Calvin and Hobbes - Weirdos from Another Planet!

by Bill Watterson

Ever read the comic in pullout section of the newspaper? If you did, then Calvin and Hobbes will not be total strangers to you. The humorous comic which ran in boxes of four or sometimes luxuriously filling up half of the page had been featured in most comic sections for as far as I can read, and had been the company of most readers of newspaper. There are a few compilations of Calvin and Hobbes comics and Weirdos from Another Planet! is one of them.

The Collection

Collecting some of the printed comics in 1988 and running at near 300 pages long, Weirdos from Another Planet! will be a worthy pastime to spend your evening at, laughing at the ironic but humorous actions and conversations of the kid with hairstyle that defies gravity in the company of his make believe stuffy tiger. In his world, his stuffy tiger Hobbes was as real as the person next to him, and most of Calvin's comical action were did in concert with Hobbes.

The Kid

Calvin was by no means crazy, just an imaginative kid who spends most of his intellect trying to get his own way with his family and friends, not unlike what most of us did in our childhood. His mischievous yet creative ways always made me laughed, and along with Hobbes, he made the people around him crawl up the wall literally. In our childhood, how many of us did not spend time trying to think of a way or excuse trying to bend the adults' reasoning to our side in order to get that piece of dessert that we longed for? And how many of them ended up not knowing whether they should be mad or they should laugh?

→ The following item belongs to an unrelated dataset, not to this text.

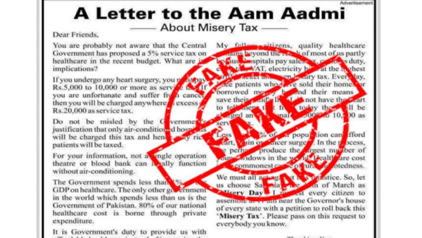 "A tweet claims that the central government has proposed a 5% tax on healthcare in the recent #Budget. #PIBFactCheck. This claim is #Fake. The letter attached with the tweet is from year 2011 and is being shared out of context, PIB Fact Check said on Twitter.

One of Calvin's characteristics which reminded me of my childhood was the imaginations he crafted up. He was a dinosaur, a fighter pilot, a light particle, a space adventurer or a superhero... all these will usually ended up with reality catching up with him or with the target of his mischievous imagination shown as a person close to him. For a boy, these imaginations were just a favorite pastime for me. I used to feast upon scientifically advanced topics although I had no idea what they were. Dinosaurs, black holes, time traveling - all these science and sci-fi stuff were just part and parcel of my childhood life, and I always imagined that I was on an archaeological dig when I paw through the ground with my little shovel.

His imaginations were also funny in the sense that Calvin could imagine himself as something sophisticated to escape the situation and still somehow able to merge dream with reality in the end. Imagine him riding his toy wagon to outer space, yet be home for dinner because Mars is too boring. Some of his funnier moments involved his close ones, like his dad explaining why the sun rises and sets. In other moments, Calvin used realistic scenarios to try to get adults to his way, like creating an imaginative poll that concluded that his dad needed to change (to his way, that is).

The Artist

A praise to Watterson: the ironic and funny monologues and conversations usually carried with them the reality of the world. For example, Calvin decided to leave Earth for Mars because he came to the conclusion that adults were leaving the Earth dirty so that the next generation will clean up after them.

The art used in the comics is also varied, with different styles meant for different imagined scenario. Watterson's style preferred the simple, with buttoned eyes and a few strokes to get the statement across the comic. In dramatic moments, he leaned heavily to exaggerated styles, with large eyes and hairs that stood upright to show shock, and large gaping mouth to show anger. In other moments, like when Calvin imagined himself as a dinosaur, the style changed dramatically to heavier strokes.

The collection really did make my evening more enjoyable, and I still took it out to read once in a while although I had read it numerous times. Calvin and Hobbes: Weirdos from Another Planet! is definitely a recommended reading for you when you are down and depressed.